GIVEN MATERIAL =
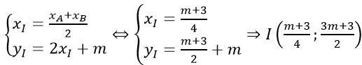Để hai điểm A,B đối xứng nhau qua d: x - 2y - 6 = 0 khi I ∈ d ⇔ (m+3)/4 - 2.(3m+3)/2 - 6 = 0 ⇔ m = -3(thỏa điều kiện (*)).
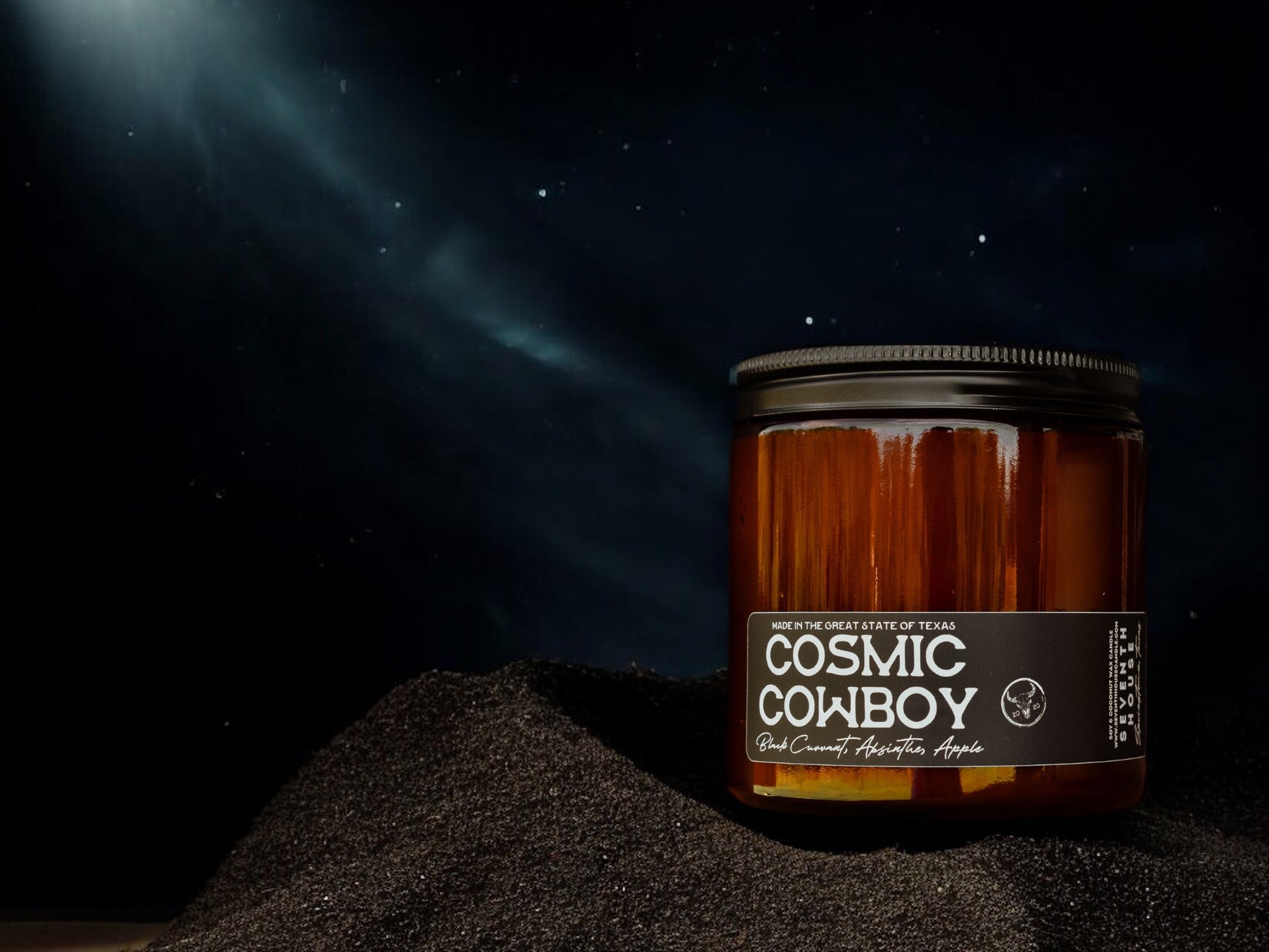 Our "Cosmic Cowboy" scent is a captivating and sensual fragrance. It begins with light traces of apple and delicate saffron threads. Luscious black currants and blackberries are the core of this fragrance. Warm base notes of anise and amber surround you in this sophisticated cocktail of a scent. Patchouli and cedarwood essential oils enhance the intensity of the dark fruit in this rich candle.
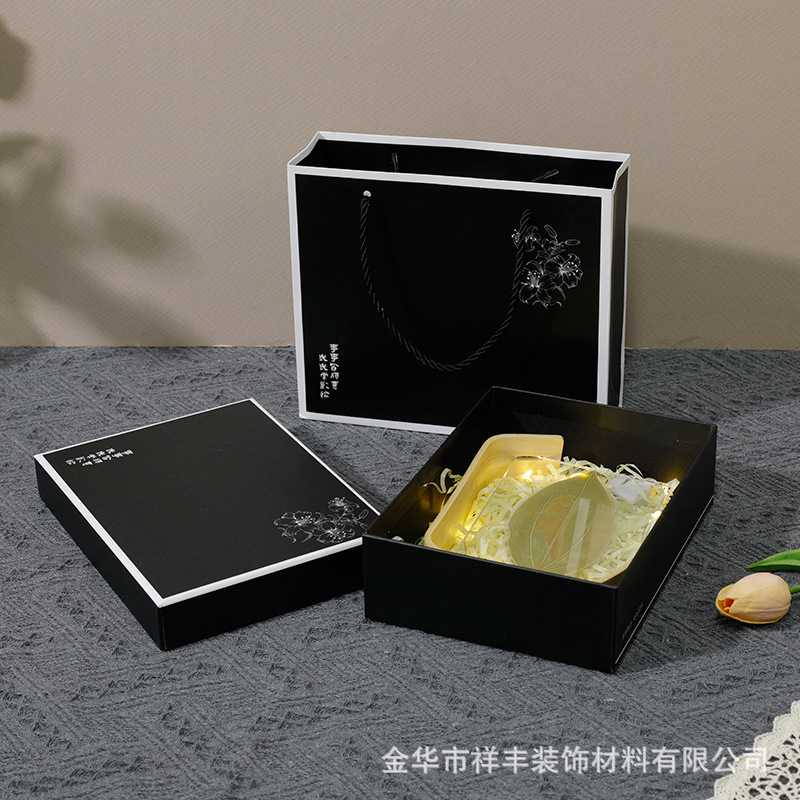 • 블랙(선물 상자 + 선물 가방 + 라피아 + 라이트 스트립); M사이즈(25*21*6) 7.0/8inch
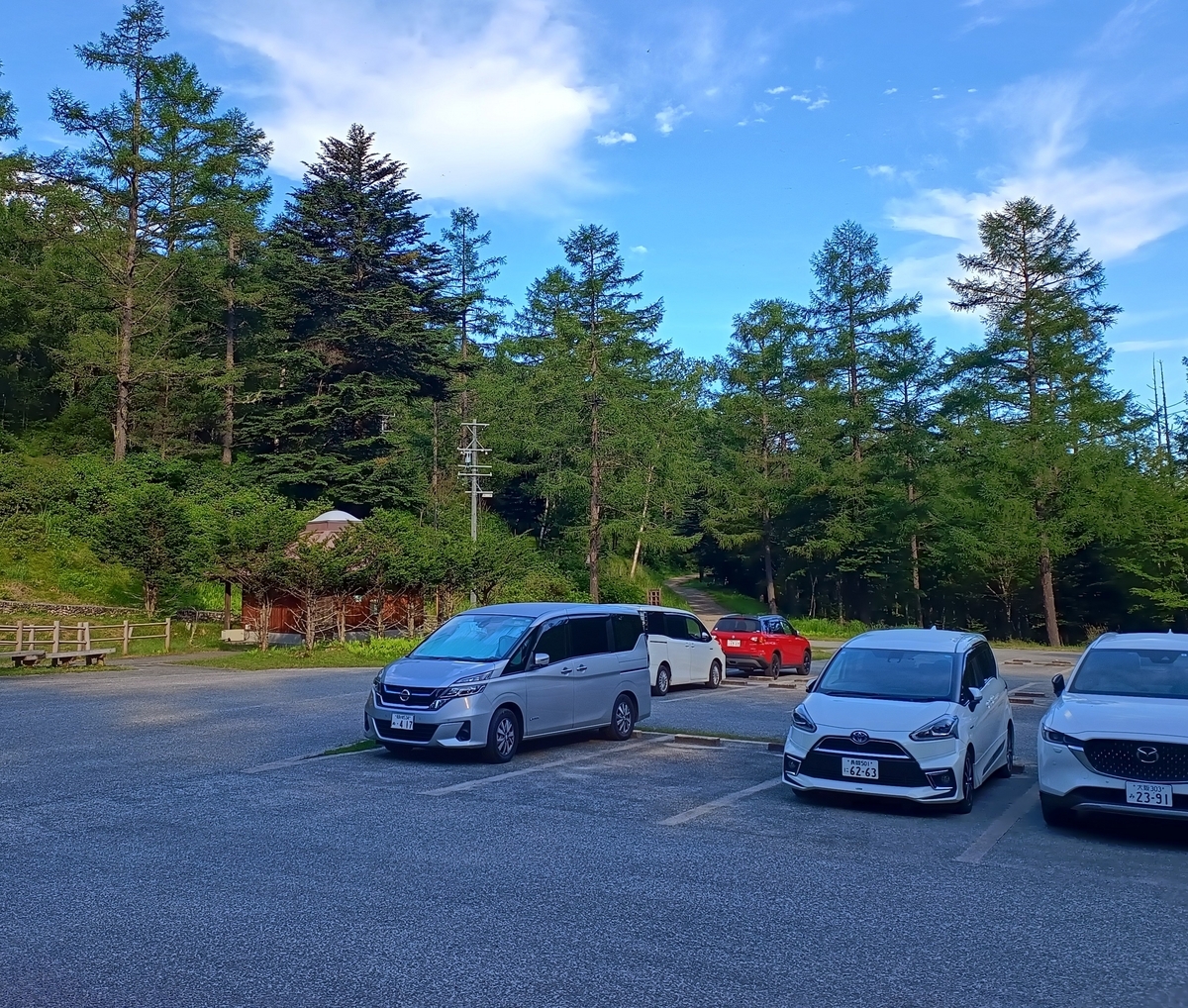 中央道飛ばして2時間ほどかかって駐車場着。ド田舎山奥ですが綺麗な駐車場でした。一部未舗装路ありですが、普通車2駆でも余裕。そして中房温泉に比べて劇的に空いている。キレイな水洗トイレもあって、車中泊も快適そうでしたよ。

DIRECTIONS = Where a line contains "스트립); M사이즈(25*21*6) 7.0/8inch", begin there and set down exactly each line through the end of the data above, omitting any pictures.

ANSWER SECTION =
 • 블랙(선물 상자 + 선물 가방 + 라피아 + 라이트 스트립); M사이즈(25*21*6) 7.0/8inch
 中央道飛ばして2時間ほどかかって駐車場着。ド田舎山奥ですが綺麗な駐車場でした。一部未舗装路ありですが、普通車2駆でも余裕。そして中房温泉に比べて劇的に空いている。キレイな水洗トイレもあって、車中泊も快適そうでしたよ。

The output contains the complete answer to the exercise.